Analysts: Effect of increase is manageable

However, a recent report from Piper Jaffray restaurant analyst Nicole Regan Miller suggests the effect on restaurant earnings among brands operating in wage-increase states is manageable.

“On a broad level, we recognize additional labor costs as an added stress to restaurant operators,” wrote Nicole Miller Regan, Piper Jaffray’s senior research analyst, “but ultimately believe potential impacts should be manageable through a combination of menu price and/or operational efficiencies.

The Piper Jaffray analysts looked at brands it covered that had above-average exposure to wage increases in the states of California, Connecticut, New Jersey, Rhode Island and New York. Those brands included Huntington Beach, Calif.-based, B.J.s Restaurants Inc.; Seattle-based Starbucks Corp.; Calabasas Hills, Calif.-based Cheesecake Factory Inc.; and Denver-based Chipotle Mexican Grill Inc.

“Potential earnings impacts in 2014 will largely be based on a company’s particular exposure to various states, the expected increase in minimum wages in those states, and that concept’s ability to offset said labor increases through menu price and/or operational efficiencies,” Miller wrote.

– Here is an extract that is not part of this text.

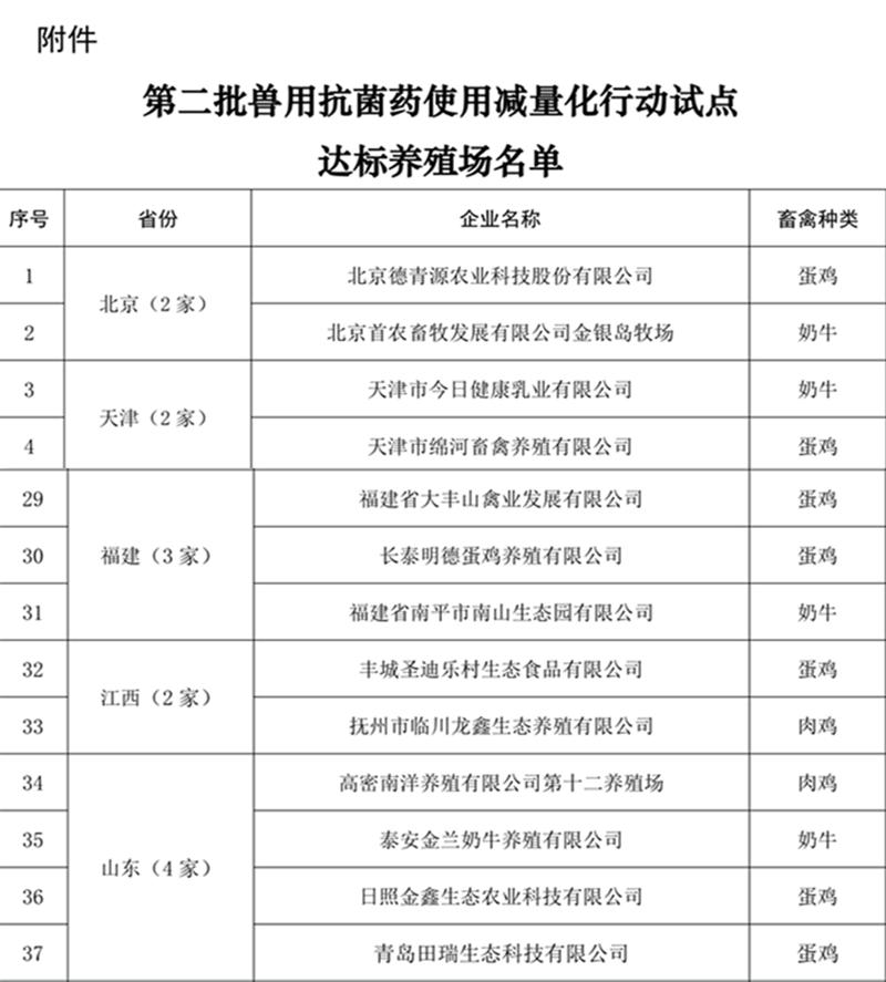 附件:第二批兽用抗菌药使用减量化行动试点达标养殖场名单

She said highly franchised concepts like Atlanta-based Popeyes Louisiana Kitchen Inc., Miami-based Burger King and Canton, Mass.-based Dunkin Brands Group Inc. “provide for the highest levels of insulation from potential earnings impacts.”

Concepts with more than 20 percent of company-owned units in the five states face the most exposure there, according to Piper Jaffray. Those concepts include BJ’s, Starbucks, The Cheesecake Factory, Chipotle, Winter Park, Fla.-based Ruth’s Hospitality Group Inc., and St. Louis-based Panera Bread Co.

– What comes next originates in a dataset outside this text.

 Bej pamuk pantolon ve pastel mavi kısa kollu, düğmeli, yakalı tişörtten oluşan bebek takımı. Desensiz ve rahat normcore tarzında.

B.J.’s, Regan wrote, “is expected to have the highest wage rate given its 44 percent exposure to California, which in addition to already having higher-than-average wage rates is also expected to experience a 12.5 percent increase in state minimum wages in 2014.”

Despite the added pressure, the Piper Jaffray team expects restaurant brands to offset the added costs.

“We believe menu prices and operational efficiencies are able to offset this pressure,” Regan said.

Piper Jaffray’s analysts said that over the past 15 years, industry menu price increases have averaged about 2.9 percent a year. With the current minimum wage increases in the five states, the report said, “Our analysis suggests an approximate average of 50 basis points of price would offset unfavorable impacts.”